[Collection entries]
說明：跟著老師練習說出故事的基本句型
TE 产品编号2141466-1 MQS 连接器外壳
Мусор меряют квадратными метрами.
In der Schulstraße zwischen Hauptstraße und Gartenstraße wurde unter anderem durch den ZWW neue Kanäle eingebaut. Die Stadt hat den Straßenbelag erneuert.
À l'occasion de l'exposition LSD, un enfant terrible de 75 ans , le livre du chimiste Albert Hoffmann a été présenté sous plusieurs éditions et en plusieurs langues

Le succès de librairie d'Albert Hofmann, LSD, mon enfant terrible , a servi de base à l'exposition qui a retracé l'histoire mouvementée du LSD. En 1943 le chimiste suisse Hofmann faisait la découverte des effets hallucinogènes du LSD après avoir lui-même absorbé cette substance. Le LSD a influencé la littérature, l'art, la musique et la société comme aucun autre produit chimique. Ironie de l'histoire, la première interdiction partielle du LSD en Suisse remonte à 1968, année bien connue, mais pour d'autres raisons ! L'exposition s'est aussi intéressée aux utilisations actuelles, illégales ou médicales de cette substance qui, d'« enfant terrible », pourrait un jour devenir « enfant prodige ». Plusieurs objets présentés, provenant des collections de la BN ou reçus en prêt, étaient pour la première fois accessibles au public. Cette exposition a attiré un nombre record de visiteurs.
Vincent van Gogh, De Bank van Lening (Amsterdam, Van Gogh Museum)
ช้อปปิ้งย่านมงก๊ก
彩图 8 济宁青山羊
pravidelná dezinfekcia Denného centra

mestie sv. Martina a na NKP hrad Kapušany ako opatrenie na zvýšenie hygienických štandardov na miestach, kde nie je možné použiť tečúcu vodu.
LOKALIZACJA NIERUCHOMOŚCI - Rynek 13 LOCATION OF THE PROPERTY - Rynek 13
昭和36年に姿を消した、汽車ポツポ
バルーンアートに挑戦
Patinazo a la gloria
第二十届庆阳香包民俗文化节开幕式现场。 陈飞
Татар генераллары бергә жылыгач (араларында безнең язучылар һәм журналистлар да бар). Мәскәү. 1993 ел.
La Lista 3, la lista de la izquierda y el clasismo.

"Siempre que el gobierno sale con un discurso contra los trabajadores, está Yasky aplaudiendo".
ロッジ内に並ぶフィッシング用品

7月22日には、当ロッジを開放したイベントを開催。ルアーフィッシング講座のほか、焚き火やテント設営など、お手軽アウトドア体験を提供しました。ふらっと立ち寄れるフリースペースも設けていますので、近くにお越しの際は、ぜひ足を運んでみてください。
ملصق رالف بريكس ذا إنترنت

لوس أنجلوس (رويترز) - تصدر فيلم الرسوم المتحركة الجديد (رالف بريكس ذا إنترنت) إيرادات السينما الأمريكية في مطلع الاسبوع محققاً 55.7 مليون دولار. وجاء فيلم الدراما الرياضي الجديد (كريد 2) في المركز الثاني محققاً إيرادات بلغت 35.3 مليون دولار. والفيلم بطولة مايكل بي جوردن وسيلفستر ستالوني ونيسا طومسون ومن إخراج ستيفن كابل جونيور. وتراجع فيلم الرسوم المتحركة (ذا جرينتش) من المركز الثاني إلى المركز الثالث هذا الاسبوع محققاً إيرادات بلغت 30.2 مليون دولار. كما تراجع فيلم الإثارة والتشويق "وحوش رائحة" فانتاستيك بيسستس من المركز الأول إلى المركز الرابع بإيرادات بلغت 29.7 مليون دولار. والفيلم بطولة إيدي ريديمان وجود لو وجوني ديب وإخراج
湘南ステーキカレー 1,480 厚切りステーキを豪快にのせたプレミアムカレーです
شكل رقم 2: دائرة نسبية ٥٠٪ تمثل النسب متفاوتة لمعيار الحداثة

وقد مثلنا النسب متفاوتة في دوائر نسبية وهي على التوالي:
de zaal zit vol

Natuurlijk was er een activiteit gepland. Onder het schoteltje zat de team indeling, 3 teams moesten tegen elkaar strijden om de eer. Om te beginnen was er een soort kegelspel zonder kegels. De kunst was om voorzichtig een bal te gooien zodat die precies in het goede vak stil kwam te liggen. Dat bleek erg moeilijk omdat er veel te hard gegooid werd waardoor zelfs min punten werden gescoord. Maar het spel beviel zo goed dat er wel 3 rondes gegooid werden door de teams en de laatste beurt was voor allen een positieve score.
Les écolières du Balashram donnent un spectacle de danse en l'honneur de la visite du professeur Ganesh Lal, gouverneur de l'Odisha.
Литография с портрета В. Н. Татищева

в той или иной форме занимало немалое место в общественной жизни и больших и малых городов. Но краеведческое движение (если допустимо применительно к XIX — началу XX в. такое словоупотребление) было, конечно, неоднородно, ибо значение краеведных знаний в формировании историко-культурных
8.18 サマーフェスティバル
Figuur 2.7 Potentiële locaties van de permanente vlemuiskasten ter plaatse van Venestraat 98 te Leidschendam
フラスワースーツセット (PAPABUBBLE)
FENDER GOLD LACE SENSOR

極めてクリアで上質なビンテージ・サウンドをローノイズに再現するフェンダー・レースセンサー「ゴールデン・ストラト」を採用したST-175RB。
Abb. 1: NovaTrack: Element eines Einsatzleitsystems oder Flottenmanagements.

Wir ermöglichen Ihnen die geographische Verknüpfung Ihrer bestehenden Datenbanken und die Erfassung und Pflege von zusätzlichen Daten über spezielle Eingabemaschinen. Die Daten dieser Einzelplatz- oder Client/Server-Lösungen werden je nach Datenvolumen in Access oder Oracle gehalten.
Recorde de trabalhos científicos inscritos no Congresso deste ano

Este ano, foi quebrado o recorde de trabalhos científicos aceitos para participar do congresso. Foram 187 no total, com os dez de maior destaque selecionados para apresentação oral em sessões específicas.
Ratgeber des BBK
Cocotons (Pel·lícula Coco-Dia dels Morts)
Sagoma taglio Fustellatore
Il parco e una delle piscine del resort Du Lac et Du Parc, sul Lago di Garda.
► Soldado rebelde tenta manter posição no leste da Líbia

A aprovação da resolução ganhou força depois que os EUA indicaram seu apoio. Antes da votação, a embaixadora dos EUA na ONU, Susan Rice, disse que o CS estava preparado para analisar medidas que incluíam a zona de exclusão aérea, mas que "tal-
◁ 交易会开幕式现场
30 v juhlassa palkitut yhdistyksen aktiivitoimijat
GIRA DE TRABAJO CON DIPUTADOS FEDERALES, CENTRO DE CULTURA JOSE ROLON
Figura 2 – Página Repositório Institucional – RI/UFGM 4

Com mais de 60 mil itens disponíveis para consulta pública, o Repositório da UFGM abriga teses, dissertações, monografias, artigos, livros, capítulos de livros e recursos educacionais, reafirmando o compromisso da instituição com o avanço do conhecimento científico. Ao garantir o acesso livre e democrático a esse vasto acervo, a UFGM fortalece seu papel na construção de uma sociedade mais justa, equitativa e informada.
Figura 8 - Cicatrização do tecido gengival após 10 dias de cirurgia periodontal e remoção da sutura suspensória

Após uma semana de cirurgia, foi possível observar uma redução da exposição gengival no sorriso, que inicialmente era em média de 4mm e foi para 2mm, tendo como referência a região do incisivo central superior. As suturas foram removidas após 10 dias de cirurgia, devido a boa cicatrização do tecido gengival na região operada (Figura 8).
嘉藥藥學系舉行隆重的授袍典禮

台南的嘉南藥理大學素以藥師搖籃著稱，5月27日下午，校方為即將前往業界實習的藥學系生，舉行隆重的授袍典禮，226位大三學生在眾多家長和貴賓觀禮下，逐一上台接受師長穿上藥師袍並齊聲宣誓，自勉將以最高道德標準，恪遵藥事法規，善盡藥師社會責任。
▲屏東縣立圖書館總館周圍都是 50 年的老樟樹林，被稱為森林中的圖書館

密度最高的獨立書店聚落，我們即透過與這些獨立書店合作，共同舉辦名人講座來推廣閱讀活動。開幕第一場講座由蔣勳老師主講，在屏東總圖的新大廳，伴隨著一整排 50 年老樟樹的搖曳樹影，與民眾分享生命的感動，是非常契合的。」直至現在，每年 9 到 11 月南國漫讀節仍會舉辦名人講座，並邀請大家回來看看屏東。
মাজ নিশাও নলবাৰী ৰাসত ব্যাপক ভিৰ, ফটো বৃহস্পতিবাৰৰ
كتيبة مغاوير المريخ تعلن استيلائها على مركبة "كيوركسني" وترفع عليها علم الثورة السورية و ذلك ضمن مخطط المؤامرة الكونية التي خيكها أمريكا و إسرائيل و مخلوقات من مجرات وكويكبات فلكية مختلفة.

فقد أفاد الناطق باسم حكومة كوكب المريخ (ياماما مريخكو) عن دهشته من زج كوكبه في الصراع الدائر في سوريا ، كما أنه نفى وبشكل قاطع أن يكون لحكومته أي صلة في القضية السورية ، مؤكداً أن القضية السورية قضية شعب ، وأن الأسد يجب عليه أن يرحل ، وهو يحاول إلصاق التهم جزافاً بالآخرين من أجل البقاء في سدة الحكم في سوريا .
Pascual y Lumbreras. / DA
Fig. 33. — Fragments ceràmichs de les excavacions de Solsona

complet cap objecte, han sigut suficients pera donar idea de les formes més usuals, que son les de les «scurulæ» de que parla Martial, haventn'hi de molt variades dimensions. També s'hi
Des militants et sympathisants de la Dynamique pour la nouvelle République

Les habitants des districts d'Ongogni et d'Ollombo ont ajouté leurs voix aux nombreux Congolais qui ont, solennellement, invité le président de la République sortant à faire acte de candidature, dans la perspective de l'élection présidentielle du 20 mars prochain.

• **Problem description**:
Lines from the entries that contain the word "dias" are what the answer must hold.

• **Exercise result**:
Figura 8 - Cicatrização do tecido gengival após 10 dias de cirurgia periodontal e remoção da sutura suspensória
Após uma semana de cirurgia, foi possível observar uma redução da exposição gengival no sorriso, que inicialmente era em média de 4mm e foi para 2mm, tendo como referência a região do incisivo central superior. As suturas foram removidas após 10 dias de cirurgia, devido a boa cicatrização do tecido gengival na região operada (Figura 8).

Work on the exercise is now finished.